▼
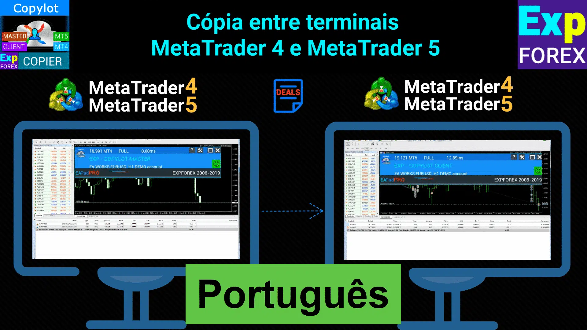 10:00 Como copiar de 2 terminais, MetaTrader 4 e 5, para um terminal, MetaTrader 5Links do YouTube:
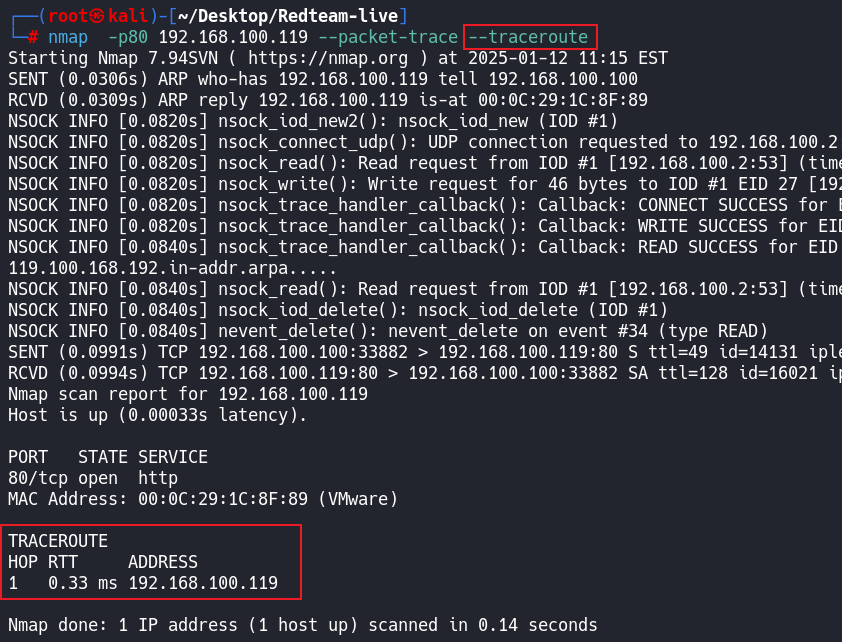 -r:顺序扫描端口,而不是随机顺序(默认是随机扫描)。-vvv:超详细模式,显示更全面的信息,包括每个扫描步骤的细节。-F:快速扫描,仅检查常用的 100 个端口。-sV:服务版本探测,获取运行服务的具体版本信息。--traceroute:追踪到目标主机的路由路径。
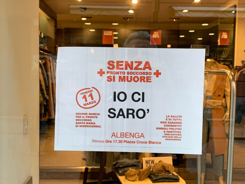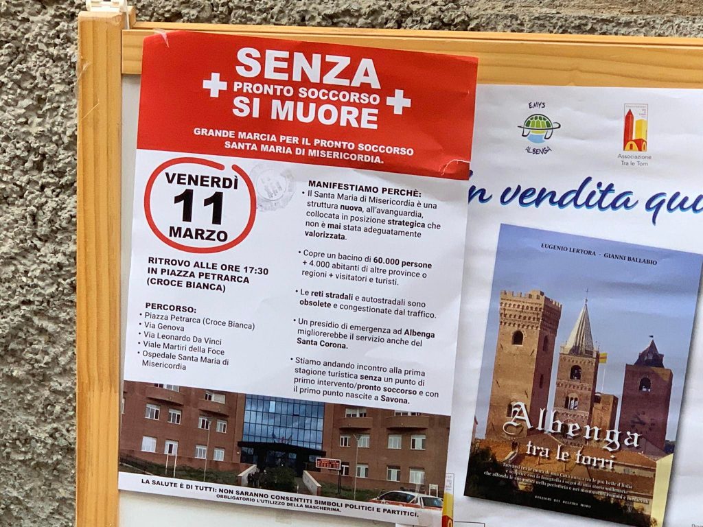 Spiegano gli organizzatori: “Il Santa Maria di Misericordia è una struttura nuova, all’avanguardia, collocata in posizione strategica, che non è mai stata valorizzata adeguatamente. Copre un bacino di 60 mila persone oltre a altri 4 mila abitanti di altre province o regioni e turisti. Le reti stradali sono obsolete e congestionate dal traffico e un presidio di emergenza ad Albenga migliorerebbe anche il servizio dell’ospedale Santa Corona di Pietra Ligure. Stiamo andando incontro alla prima stagione turistica, senza un punto di Pronto Soccorso e con il primo punto nascite a Savona“.
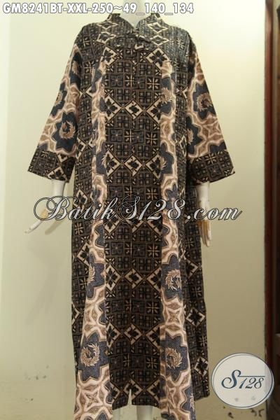 Model Baju Batik Solo Istimewa, Produk Pakaian Batik Gamis Untuk Wanita Berhijab, Long Dress Batik Istimewa Desain Krah V, Wanita Gemuk Terlihat Mempesona [GM8241BT-XXL]
▲
Problem to solve: The material must be restated verbatim. Its pictures must be omitted.

Solved exercise:
 10:00 Como copiar de 2 terminais, MetaTrader 4 e 5, para um terminal, MetaTrader 5Links do YouTube:
 -r:顺序扫描端口,而不是随机顺序(默认是随机扫描)。-vvv:超详细模式,显示更全面的信息,包括每个扫描步骤的细节。-F:快速扫描,仅检查常用的 100 个端口。-sV:服务版本探测,获取运行服务的具体版本信息。--traceroute:追踪到目标主机的路由路径。
 Spiegano gli organizzatori: “Il Santa Maria di Misericordia è una struttura nuova, all’avanguardia, collocata in posizione strategica, che non è mai stata valorizzata adeguatamente. Copre un bacino di 60 mila persone oltre a altri 4 mila abitanti di altre province o regioni e turisti. Le reti stradali sono obsolete e congestionate dal traffico e un presidio di emergenza ad Albenga migliorerebbe anche il servizio dell’ospedale Santa Corona di Pietra Ligure. Stiamo andando incontro alla prima stagione turistica, senza un punto di Pronto Soccorso e con il primo punto nascite a Savona“.
 Model Baju Batik Solo Istimewa, Produk Pakaian Batik Gamis Untuk Wanita Berhijab, Long Dress Batik Istimewa Desain Krah V, Wanita Gemuk Terlihat Mempesona [GM8241BT-XXL]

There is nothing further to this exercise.